We have this idea of customs and norms and private ordering, even preceding the creation of law or legal institutions or sometimes supplanting them in early years of human development in which people gravitate toward agreements and rules amongst themselves that help to facilitate exchange, facilitate cooperation, facilitate human flourishing within communities.
The economic way of thinking is part of the human condition and as a consequence, every time humans have tried to structure their lives in a more beneficial way through cooperative agreements, whether they be customs norms or private ordering agreements, has involved a certain level of law and economics understanding. This becomes formalized or started to be formally recognized when people start to figure out how do we structure legal rules and legal institutions and really kind of debate that and debate it at a very serious level during sort of the Scottish Enlightenment era.

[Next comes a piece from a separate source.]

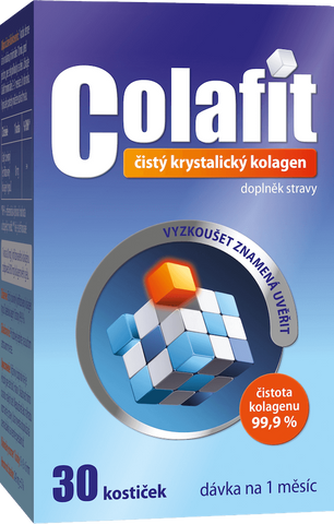 Colafit je čistý kryštalický kolagén, čistoty 99,9%, ktorý má veľmi priaznivý vplyv na pokožky. Obsiahnutý vitamín C navyše prispieva k tvorbe kolagénu pre normálnu funkciu chrupaviek, kostí, zubov a ďasien. Balenie: 60x Colafit kocky a 60x tabletky s vitamínom C.

Locke's Two Treatises of Government are really designed to provide the infrastructure through which markets can operate. And there's some recognition, at least, in John Locke's work that we need a system which recognizes property, which recognizes the neutral arbiter to resolve torts, and recognizes the need to enforce bargains and, and contracts as key features of governmental institutions.

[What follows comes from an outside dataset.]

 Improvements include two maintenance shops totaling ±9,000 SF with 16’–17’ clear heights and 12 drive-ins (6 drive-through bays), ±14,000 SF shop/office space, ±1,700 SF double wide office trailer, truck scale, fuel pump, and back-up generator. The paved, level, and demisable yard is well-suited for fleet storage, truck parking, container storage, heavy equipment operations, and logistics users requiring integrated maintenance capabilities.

Classical liberal structures can help to facilitate the kinds of human exchanges that really are economic exchanges, that can help to solidify property rights. Why? So that we have investment in that property, so that we have people who are encouraged and incentivized to gain property rights and improve property.
So it is, it is a recognition of the way that law can provide the, the sufficient confidence and incentives to act, that really we start to get a recognition of economics and its interaction with law, even if it's not expressly stated as such.

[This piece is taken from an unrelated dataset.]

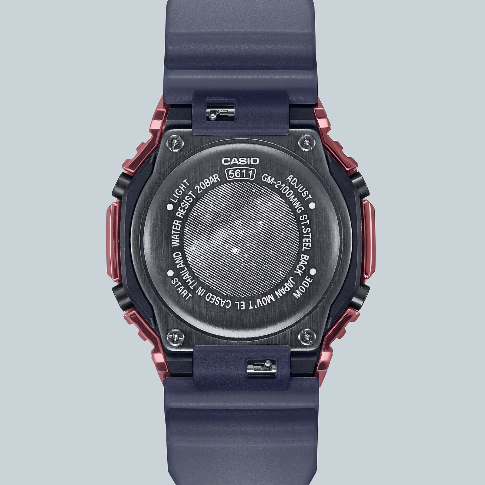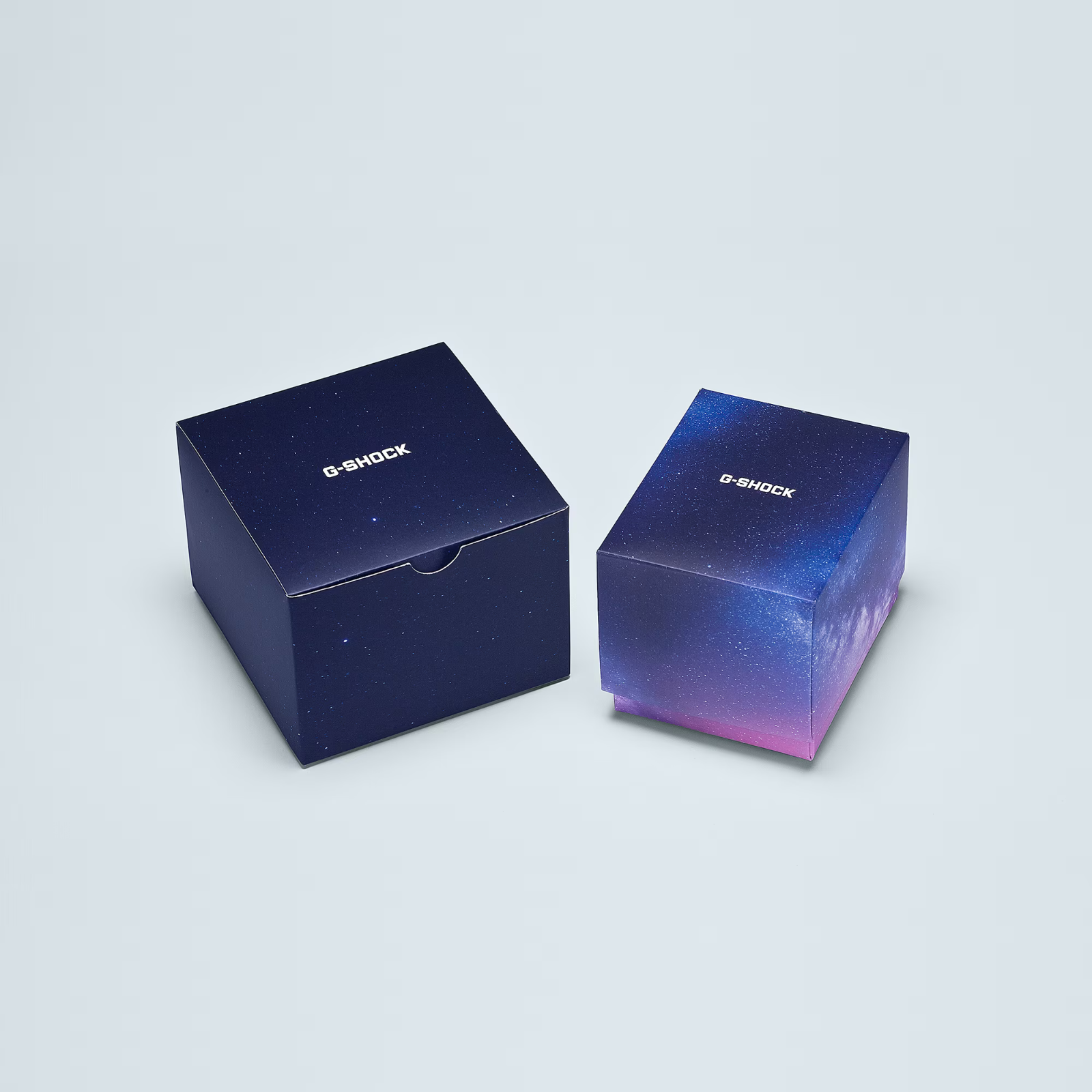 This limited edition starts with the GM-2100 and recreates its iconic octagonal bezel in purple ion-plated metal with a laser-printed galaxy motif. The dial features a gradation of color in a vapor deposition finish, evoking the Milky Way shining in the night sky. The band echoes the night sky image, its depth captured with a matte translucent band in navy blue resin. The case back is ion plated in black and laser engraved with a design inspired by the Milky Way.

In Adam Smith's Wealth of Nations, in particular, he starts to study the way in which the right customs or the right norms can help to facilitate this kind of economic specialization, economic exchange, the creation of markets, the idea of protecting the, the value of goods.
All of these things that he talks about in The Wealth of Nations as well as in his lectures on jurisprudence and a theory of moral sentiments,all read together help to demonstrate a key understanding of the interaction between law and economics.
Of course, we see then, you know, the, the founders of the United States Constitution borrowing a lot from both Locke and from Smith and, and recognizing the necessity of creating institutional structures which understand economic principles as well.
And so the founders create things like the Contracts Clause in the Constitution to protect the sanctity of contracts and prevent the government from interfering so that there's a higher level of security and durability and there's less risk of confiscation and there's less risk of interference and there's more confidence in the judiciary.
We have things like the eminent domain provisions which limit the means by which the government can seize property so that property actually can have greater value and so that property is more secure than it would be under a system in which there is a risk that a king could come and seize the property without providing compensation or could seize the property for anything other than a public use.
So there are these provisions in the Constitution as well as just the limitation of power, as well as, and, and the creation of an independent judiciary, that is designed to help recognize and resolve disputes, as well as the preservation of, of the role of the states ordering a lot of economic affairs through the Tenth Amendment. All of these things have a bit of an economic valence to them and the framers of the US Constitution and the early political philosophers had insights of law and economics, even if it wasn't recognized as such.